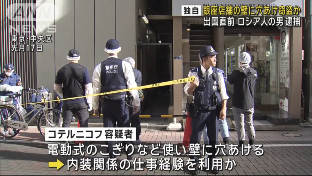 【警視庁】銀座質店の外壁破壊し600万円相当盗んだか 出国直前…ロシア人の男を羽田空港で確保し逮捕「観光目的で来た」
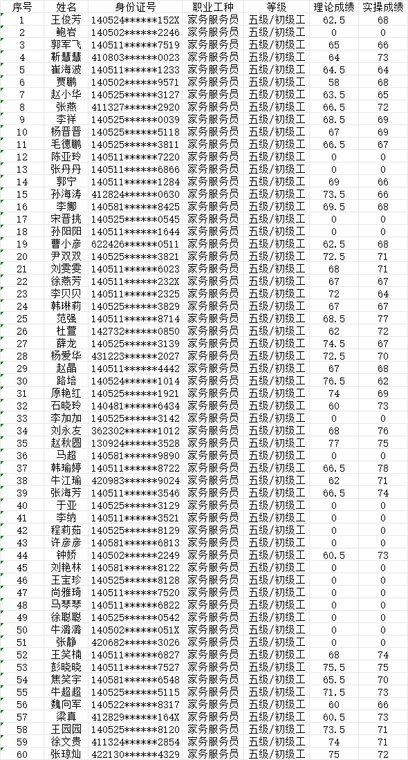 晉城市潔霸清潔服務(wù)股份有限公司職業(yè)技能等級認(rèn)定中心現(xiàn)將2024年7月7日認(rèn)定人員成績公示如下:
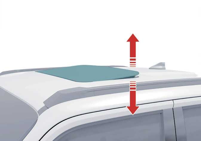 선루프 스위치를 위쪽으로 누르면 선루프 글라스가 틸트 상태로 열립니다.
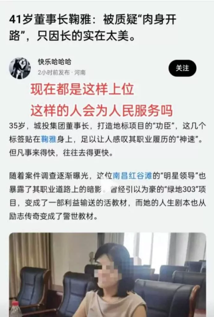 南昌市的鞠雅,作为红谷滩城市投资集团有限公司备受赞誉的优秀党委书记,在21岁时便已跻身高管行列,担任副局长。然而,最近媒体曝出了她背后的争议,指控她在职业生涯中利用个人关系和权色交易,促成了自己的快速晋升。

◇ ◇ ◇ ◇

Brief ::
Each line above should be written out again exactly, and no picture should appear in the copy.

Task answer ::
 【警視庁】銀座質店の外壁破壊し600万円相当盗んだか 出国直前…ロシア人の男を羽田空港で確保し逮捕「観光目的で来た」
 晉城市潔霸清潔服務(wù)股份有限公司職業(yè)技能等級認(rèn)定中心現(xiàn)將2024年7月7日認(rèn)定人員成績公示如下:
 선루프 스위치를 위쪽으로 누르면 선루프 글라스가 틸트 상태로 열립니다.
 南昌市的鞠雅,作为红谷滩城市投资集团有限公司备受赞誉的优秀党委书记,在21岁时便已跻身高管行列,担任副局长。然而,最近媒体曝出了她背后的争议,指控她在职业生涯中利用个人关系和权色交易,促成了自己的快速晋升。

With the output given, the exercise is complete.